Created on: June 22, 2008

I do fun art projects for both teens and way-beyond-teens. After a long career as a graphic artist and big company advertising department manager, I've become a volunteer instructor at our city's largest community center. I teach two art classes each on three days a week. One group, my 10 to 11 am session, is composed of 20 seniors, all age 65 and up. The other, my 4 to 5 pm session, is with 20 teens and pre-teens, ages 10 to 16.

When classes start at the beginning of my 12-week courses, my teaching is the same for both groups. I begin with basic drawing using pencil, pen, charcoal and pastel. We use students and volunteers from the center's sports programs as costumed models, and the emphasis for my students is on drawing techniques, composition, light/shade, color, perspective and understanding of how art is an integral part of everything.

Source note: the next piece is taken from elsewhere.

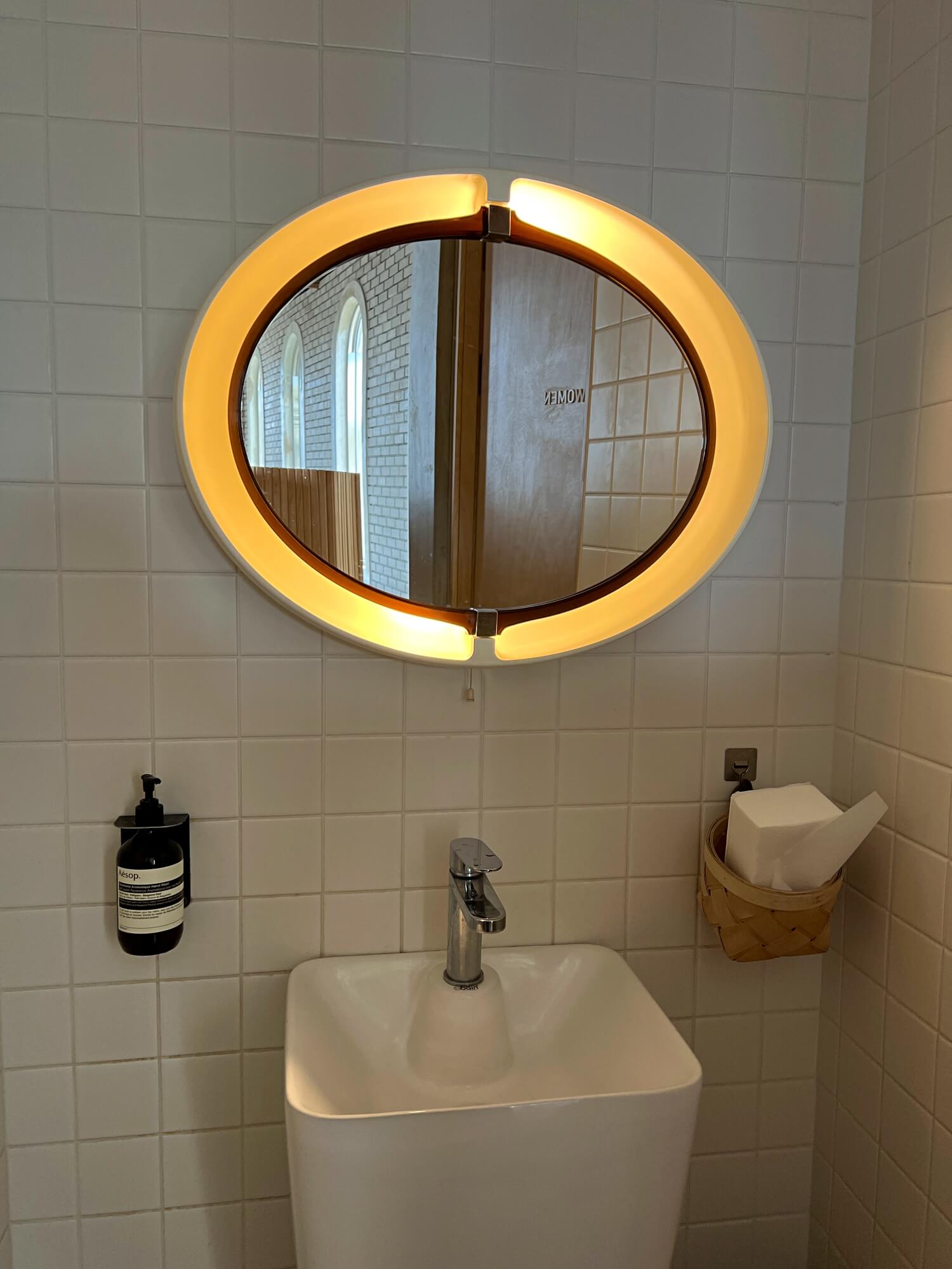 화장실 입구에 세면대만 담아봤어요. 조명과 거울이 독특하고 예쁘죠.

Then, after four weeks, while my seniors continue to perfect their skills with the basic tools, my classes for the teens go off in another direction, to explore the limitless resources of the computer, art software and cyberspace. Through the community center's contributors and a kindly Apple dealer, we've acquired 20 reconditioned iMac computers. Our budding artist teens create most of their art on the iMacs. We use Adobe PhotoDeluxe, iPhoto, Mac PhotoStudio and other software programs for artists and graphic designers.

For my teens, I choose computer art projects that fit in with their current lives, with my attention focused on their potential for majoring in art in college and for careers ahead. One project is to produce a weekly online newsletter, which includes items from world happenings as well as events going on in the community center. They create two editions, one a four-page tabloid that is printed and distributed to the 30,000 member families of the community center. In addition to editorial copy, it contains art, photography and creative combinations of both.

The other edition, with the aid of several video cameras and hand-held cell-phone-video devices, is an online-only edition. My students roam the community center and elsewhere with cameras, capturing video of sports events, music presentations, city scenes and various classroom happenings. They also search the daily online news, entertainment and political sites for short videos to include in their composition. Then, with video editing and art software, they create their weekly online program.

No matter how sophisticated the equipment my teens use to produce their print and video work, I always remind them that the basis of their high-tech artwork is still rooted in the classics. I emphasize that guidelines were created long ago by da Vinci, Michelangelo, Rembrandt and all the other great artists who set the high standards of excellence we still follow today.